Book The Broadview Anthology of American Literature Concise Volume 1  Beginnings to Reconstruction

Download or read book The Broadview Anthology of American Literature Concise Volume 1 Beginnings to Reconstruction written by Derrick R. Spires and published by Broadview Press. This book was released on 2023-02-06 with total page 1530 pages. Available in PDF, EPUB and Kindle. Book excerpt: Guided by the latest scholarship in American literary studies, and deeply committed to inclusiveness, social responsibility, and rigorous contextualization, The Broadview Anthology of American Literature balances representation of widely agreed-upon major works with a thoroughgoing reassessment of the canon that emphasizes American literature’s diversity, variety, breadth, and connections with the rest of the Americas. This concise volume represents American literature from its pre-contact Indigenous beginnings through the Reconstruction period, offering a more streamlined alternative to the full two-volume set covering the same timespan. Highlights of Concise Volume 1: Beginnings to Reconstruction • Complete texts of Mary Rowlandson’s captivity narrative; Narrative of the Life of Frederick Douglass, An American Slave; and Benito Cereno • In-depth thematic sections on such topics as “Rebellions and Revolutions,” “Print Culture and Popular Literature,” and “Expansion, Native American Expulsion, and Manifest Destiny” • More extensive coverage of Indigenous oral and visual literature and African American oral literature than in competing anthologies • Full author sections in the anthology are devoted to authors such as Anne Hutchinson, Sor Juana Inés de la Cruz, Briton Hammon, Jane Johnston Schoolcraft, José María Heredia, Black Hawk, and many others • Extensive online component offers well over a thousand pages of additional readings and other resources

Book Redcoats

    Book Details:
  • Author : Stephen Brumwell
  • Publisher : Cambridge University Press
  • Release : 2006-01-09
  • ISBN : 9780521675383
  • Pages : 364 pages

Download or read book Redcoats written by Stephen Brumwell and published by Cambridge University Press. This book was released on 2006-01-09 with total page 364 pages.
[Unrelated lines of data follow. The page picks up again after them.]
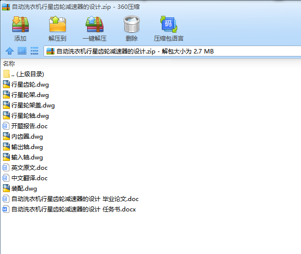 关键词:洗衣机;行星齿轮;减速器;回转系统;CAD
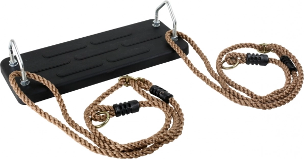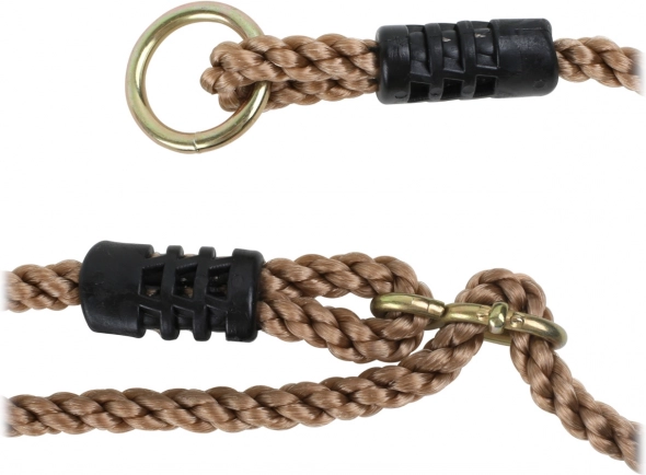 Las cuerdas fuertes y flexibles de material resistente terminan en anillas metálicas para facilitar la suspensión. Con los ojales metálicos puedes ajustar rápidamente la longitud hasta 180 cm, para adaptar el columpio a diferentes alturas de anclaje. La capacidad de carga de 100 kg garantiza un uso duradero y seguro.
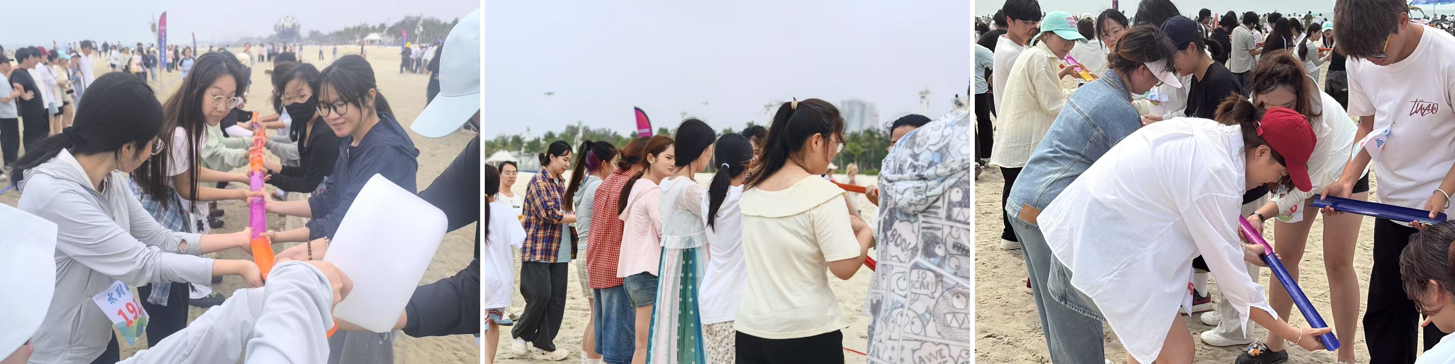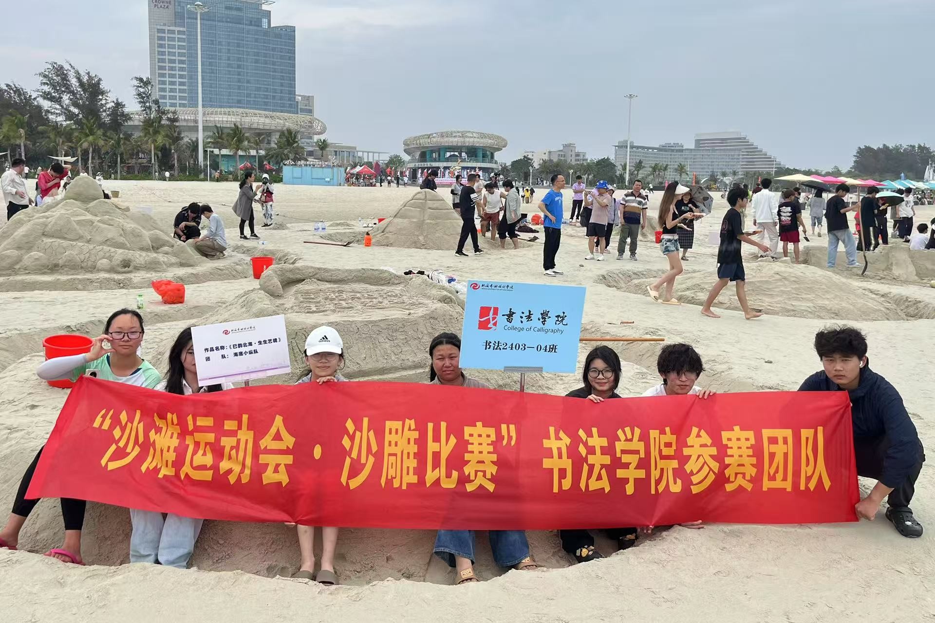 在沙滩排球赛场上,白色排球在蔚蓝天空与金色沙滩间穿梭,每一次精彩攻防都引发观众阵阵喝彩,水到渠成比赛考验团队默契,书法学院队员们手持U型槽,小心翼翼传递着水源。沙雕选手们更是巨型铲子、小水桶、雕刻刀等工具齐上阵,潮湿的沙粒在手中逐渐成型。还有同舟共济、袋鼠跳、巨人脚步等趣味项目,展现了书法学院学子在此次沙滩运动会中的运动活力。
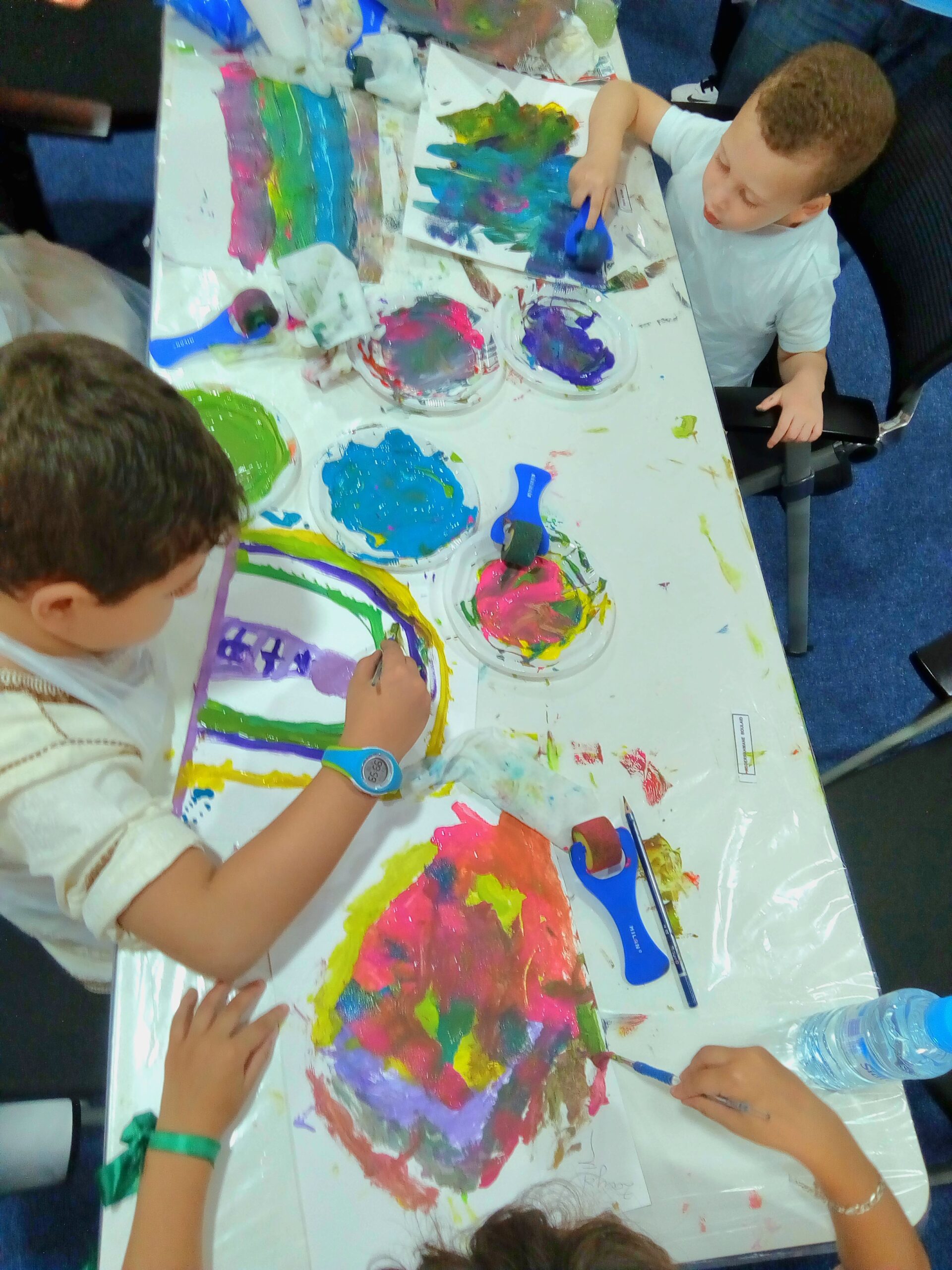 - Atelier artistique de peinture et de couleurs où enfants et parents créent ensemble.
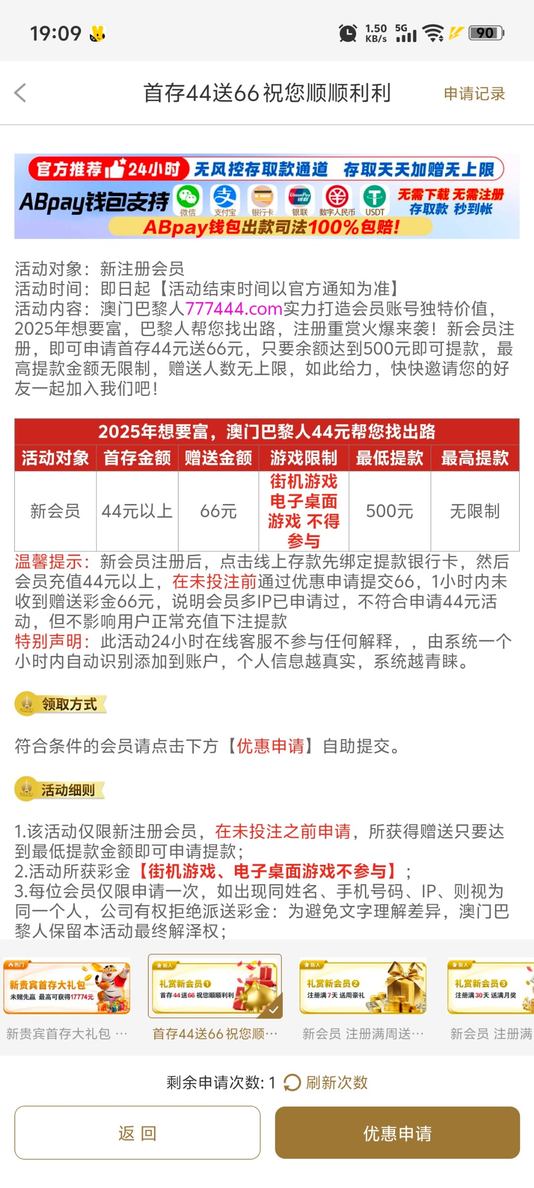 新用户以小博大44+66。具体规则看官网! 再下荣幸的下了1200
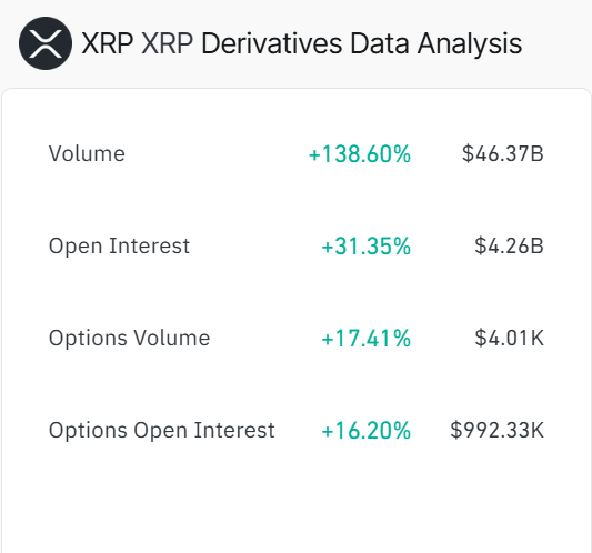 Notably, XRP’s multi-year price uptick and flourishing ecosystem have increased market participants’ appetite for leveraged trading. Data from Coinglass shows that 24-hour derivative trading volume has surged to $46.37 billion, up over 138% from the previous day.
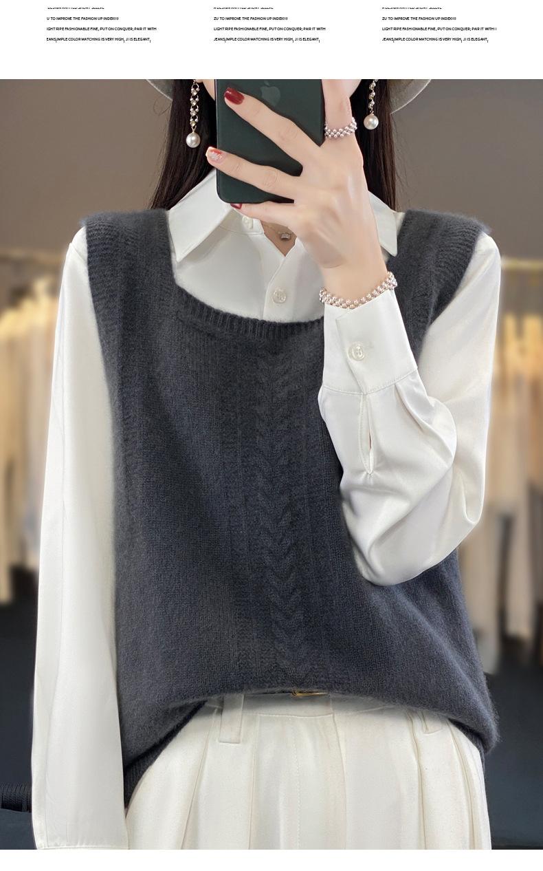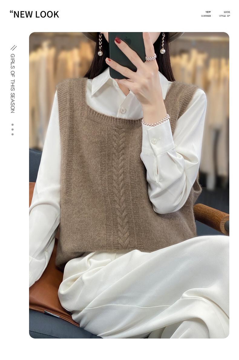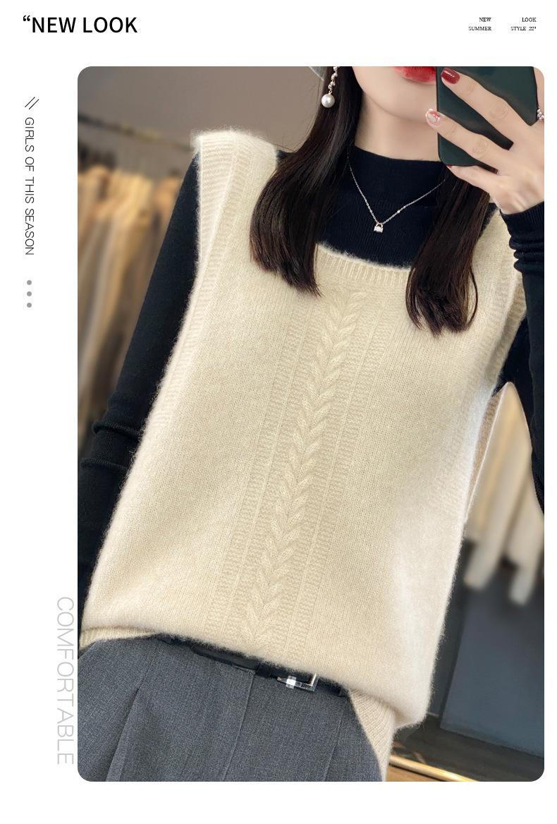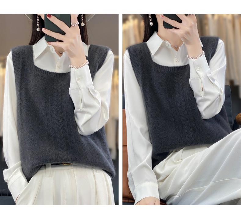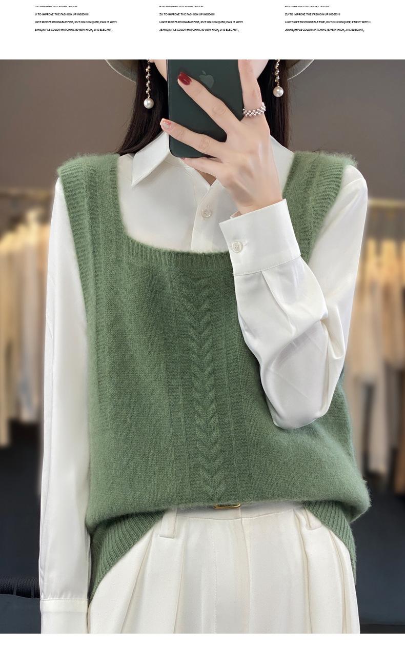Chaleco de Punto para Mujer 24 Otoño e Invierno Nuevo Color Sólido Lana Chaleco Apilado Uso Versátil Cuello Cuadrado Sin Mangas Top Exterior
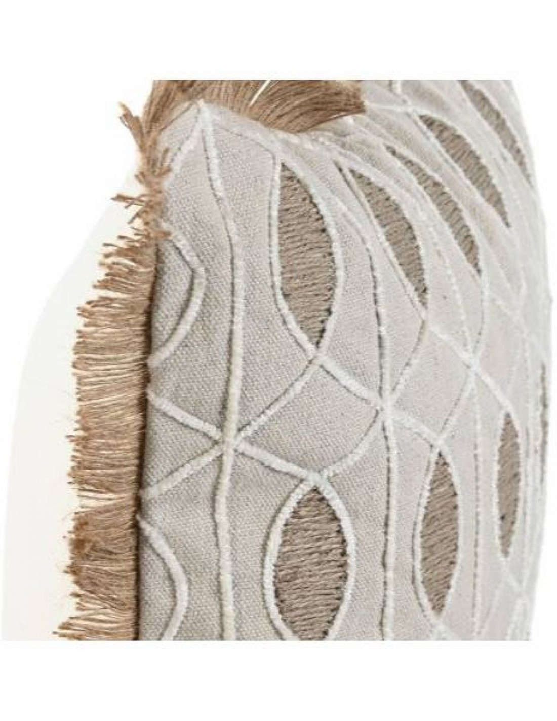 Bohēmiska stila spilvens ar savītu, krustojošu rakstu ar redzamiem pavedieniem starp tiem. Vītņotas malas piešķir spilvenam rotaļīgu pieskārienu. Bēša priekšpuse un balta aizmugure. Spilvens ar rāvējslēdzēju, lai varētu regulēt pildījuma daudzumu un izvēlēties spilvena biezumu.

Available in PDF, EPUB and Kindle. Book excerpt: In the last decade, scholarship has highlighted the significance of the Seven Years War for the destiny of Britain's Atlantic empire. This major 2001 study offers an important perspective through a vivid and scholarly account of the regular troops at the sharp end of that conflict's bloody and decisive American campaigns. Sources are employed to challenge enduring stereotypes regarding both the social composition and military prowess of the 'redcoats'. This shows how the humble soldiers who fought from Novia Scotia to Cuba developed a powerful esprit de corps that equipped them to defy savage discipline in defence of their 'rights'. It traces the evolution of Britain's 'American Army' from a feeble, conservative and discredited organisation into a tough, flexible and innovative force whose victories ultimately won the respect of colonial Americans. By providing a voice for these neglected shock-troops of empire, Redcoats adds flesh and blood to Georgian Britain's 'sinews of power'.

Book Captive Selves  Captivating Others

Download or read book Captive Selves Captivating Others written by Pauline Turner Strong and published by Routledge. This book was released on 2018-02-19 with total page 444 pages. Available in PDF, EPUB and Kindle. Book excerpt: This book considers two key typifications within the Anglo-American captivity tradition: the Captive Self and the Captivating Other. It analyzes a hegemonic tradition of representation and illuminates the processes through which typifications are constructed, made authoritative, and transformed.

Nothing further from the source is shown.